Wait a minute, all of that work for only 140hp?
Please tell me this isn't right.


----------



## mudanddust (Oct 24, 2007)

*Re: Info on high-compression stroker ABA's? (secondgen)*

what do you think about using stock pistons and a head spacer?


----------



## wantacad (Apr 4, 2003)

*Re: Info on high-compression stroker ABA's? (mudanddust)*

Just leaving a mark here so it's in my watched topics.
Awsome info... http://****************.com/smile/emthup.gif http://****************.com/smile/emthup.gif


----------



## CanadianCabby (Sep 1, 2006)

*Re: (reggie2fast)*


_Quote, originally posted by *reggie2fast* »_you may also want to look int using 2.0 16 valve pistons they have a 1mm smaller wrist pin it will drop the piston top into the bore using stock aba pistons they hang out of the block slightly .. unfotuneately the 16 valve pistons are flat top and will up the compression ratio those pistons in a aba stock stroke yield 10:1 so im thinking with a stroker crank you probally will get around 13 

_Modified by reggie2fast at 5:56 AM 11-2-2008_
... dont use 1
_Quote, originally posted by *reggie2fast* »_you may also want to look int using 2.0 16 valve pistons they have a 1mm smaller wrist pin it will drop the piston top into the bore using stock aba pistons they hang out of the block slightly .. unfotuneately the 16 valve pistons are flat top and will up the compression ratio those pistons in a aba stock stroke yield 10:1 so im thinking with a stroker crank you probally will get around 13 

_Modified by reggie2fast at 5:56 AM 11-2-2008_
 this set up would require differnt/ modded rods... and would not be streetable


----------



## 91redjetta (Aug 28, 2006)

*Re: (CanadianCabby)*

my math sucks.. I'll be the first to say it.
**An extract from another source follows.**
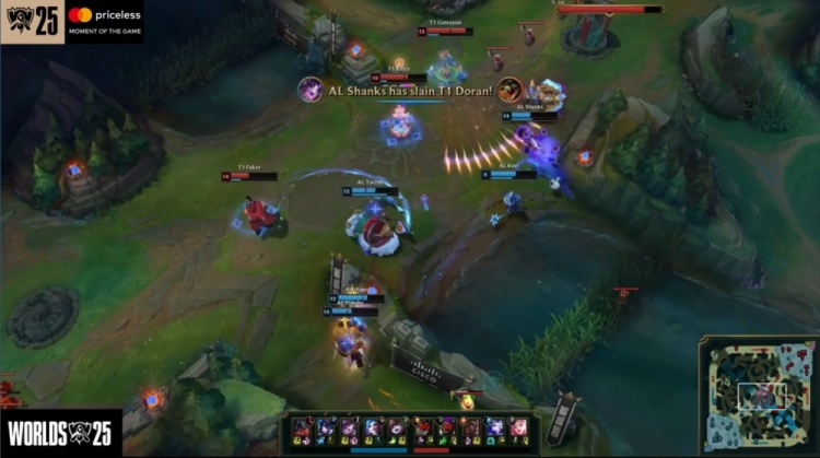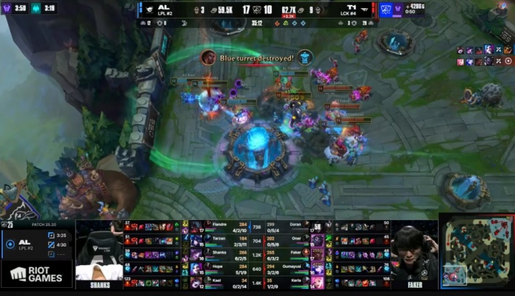 【25:49】大龙团,Oner河道被杀,Flandre剑魔开大中路爆砍Faker梅尔,Shanks辛德拉拿到人头,AL打出0换2,回头去开大龙,T1三人还要来看,AL打出1换4,经济领先5k。

So.. I have a early aba block and a aaz crank(1.9 diesel). When a was taking the aba crank out I grabbed sommething that I could look at piston height with. With stock aba crank the piston was about a razor bblades thickness below the deck.. 
pulled all the stuff out of the block. Put the 1.9 crank in. First off the counter wieghts hit the piston squirters. All but #4. It's down father then the rest. Took squirters out.. #1 counter wieght rubs the back outside corner( inside of course). Rubs as in stops the crank from spinning. (this why people knife edge the crank I'm sure.) now to me it looks like there is lots of metal in this spot. Enough I believe you could take metal out of the block. Save the crank from being knifed..(i like counter wieghts!)... So I put #4 aba piiston and rod back in with the aaz crank. Nothing else hit. Just would have to take care of the piston squirters and the #1 counter wieght to block problem.. So far... At top dead the aba piston is what I would say is a stock head gasket thickness out of the block. I'm sure this would cause high compression problems. 

maybe a thicker head gasket could be put on it. Or the stock aba pistons machined down to zero deck? Maybe both? 
just my way of hill billy messuring.. Sorry to bother anyone..


----------